The church in the graveyard here is dedicated to St. Mary and was standing here by the year 1200. It is the only visible surviving evidence of the medieval town of Bannow.

Where It All Began
In May 1169 a force of about 400 Norman knights, archers and men-at-arms landed on the sandy shores of Bannow Island. They were met by Irish warriors loyal to Diarmuid McMurrough, the deposed King of Leinster, who had requested the aid of the Normans to regain his kingdom. The combined army quickly marched to the Norse town of Wexford where, after a short siege, they defeated the descendants of the Vikings who had founded the port and settlement there.

The Birth of a Norman Town
Over the next 100 years a new Norman town grew up here at Bannow. The only visible remnant of this historic town is the church named after St. Mary.

Set around St.
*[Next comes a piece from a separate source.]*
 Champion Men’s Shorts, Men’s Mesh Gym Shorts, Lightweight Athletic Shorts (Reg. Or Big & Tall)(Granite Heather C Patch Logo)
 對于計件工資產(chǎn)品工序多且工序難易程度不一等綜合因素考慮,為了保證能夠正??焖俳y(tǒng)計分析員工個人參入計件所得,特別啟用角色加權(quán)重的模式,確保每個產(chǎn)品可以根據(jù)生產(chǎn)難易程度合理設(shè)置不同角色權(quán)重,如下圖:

Mary’s Church the town of Bannow had six streets of thatched houses and a small castle as well as a port sheltered from winter storms behind this headland. A water mill ground flour for the needs of the local community. Rent returns suggest that around 160 families lived here in the year 1300.

The Church
Although roofless, St. Mary’s Church is a fine example of a ‘nave and chancel’, or two-roomed, medieval church. The church also has a crenellated, or battlemented wall-top and ornate funerary carvings inside.